Task directions ::
No pictures, please: print exactly the lines from the one that contains "Una residenza incastonata" through the last line of the listing.

Material provided ::
__________
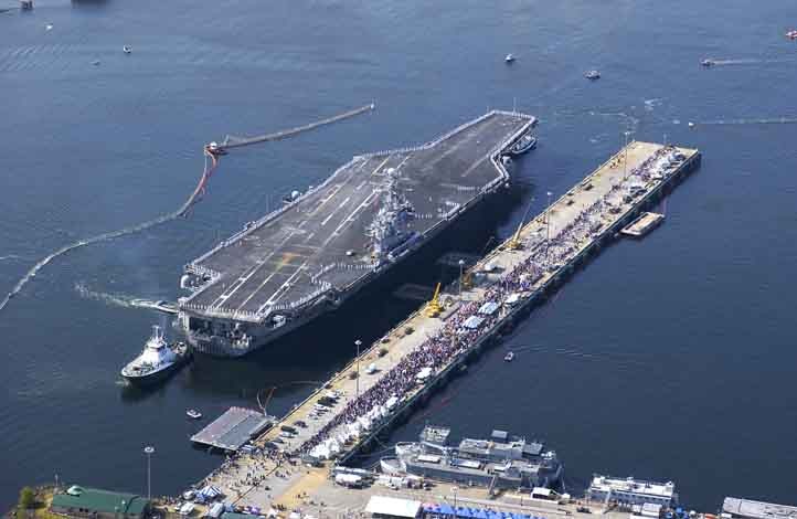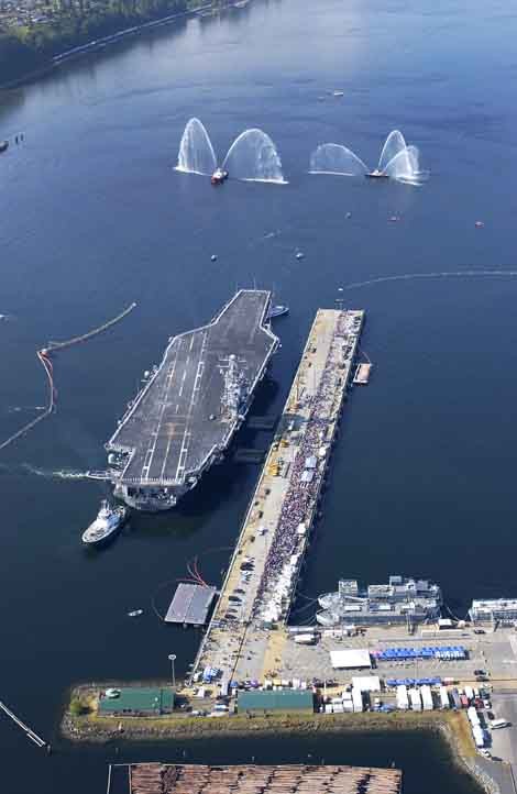 Kiewit completed the $56 million Puget Sound Carrier Support Complex in February 1992 for the Department of the Navy. The pier provides mooring facilities for the aircraft carrier base. The contract included construction of a 1,680-foot-long by 126-foot-wide carrier pier and a 470-foot-long by 144-foot-wide marginal wharf for escort vessels. The carrier pier is supported on 1,162 24-inch-wide octagonal hollow prestressed concrete piles, which are 116 feet to 190 feet tall. The wharf is founded on 557 20-inch-wide octagonal solid prestressed concrete piles.
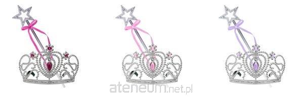 Zestaw księżniczki składający się z korony i różdżki z wstążeczką. Rozmiar korony: 13 x 10 cm. Rozmiar różdżki: 34cm. Dostępne kolory: jasnoróżowy, ciemnoróżowy, fioletowy
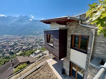 Una residenza incastonata nella collina piu' richiesta e suggestiva di Aosta. Ad oggi la villa di oltre 300 mq divisa in due unità abitative o villa unifamiliare12, ideale per due famiglie, ospiti o attività ricettiva.Si ha la possibilità di realizzzare un monolocale di servizio al secondo livello, un seminterrato di 200 mq da utilizzare secondo le proprie esigenze. Legno, pietra e acciaio si fondono in un equilibrio armonico, in un contesto ivaso da luce naturale da mattina a sera. Il tetto diventa un salotto a cielo aperto, un'oasi privata con un giardino panoramico. Riscaldamento autonomo a pompa di calore . La proprietà si completa con due garage e due posti auto esterni. La casa ideale per una famiglia che cerca ampi spazi, viste mozzafiato e privacy.
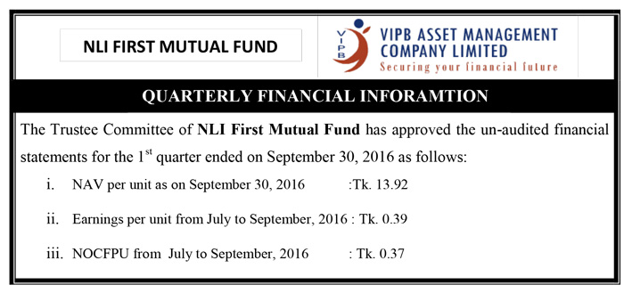 NLI First Mutual Fund 2Q Price Sensitive Information 2016
__________
Result of this exercise ::
 Una residenza incastonata nella collina piu' richiesta e suggestiva di Aosta. Ad oggi la villa di oltre 300 mq divisa in due unità abitative o villa unifamiliare12, ideale per due famiglie, ospiti o attività ricettiva.Si ha la possibilità di realizzzare un monolocale di servizio al secondo livello, un seminterrato di 200 mq da utilizzare secondo le proprie esigenze. Legno, pietra e acciaio si fondono in un equilibrio armonico, in un contesto ivaso da luce naturale da mattina a sera. Il tetto diventa un salotto a cielo aperto, un'oasi privata con un giardino panoramico. Riscaldamento autonomo a pompa di calore . La proprietà si completa con due garage e due posti auto esterni. La casa ideale per una famiglia che cerca ampi spazi, viste mozzafiato e privacy.
 NLI First Mutual Fund 2Q Price Sensitive Information 2016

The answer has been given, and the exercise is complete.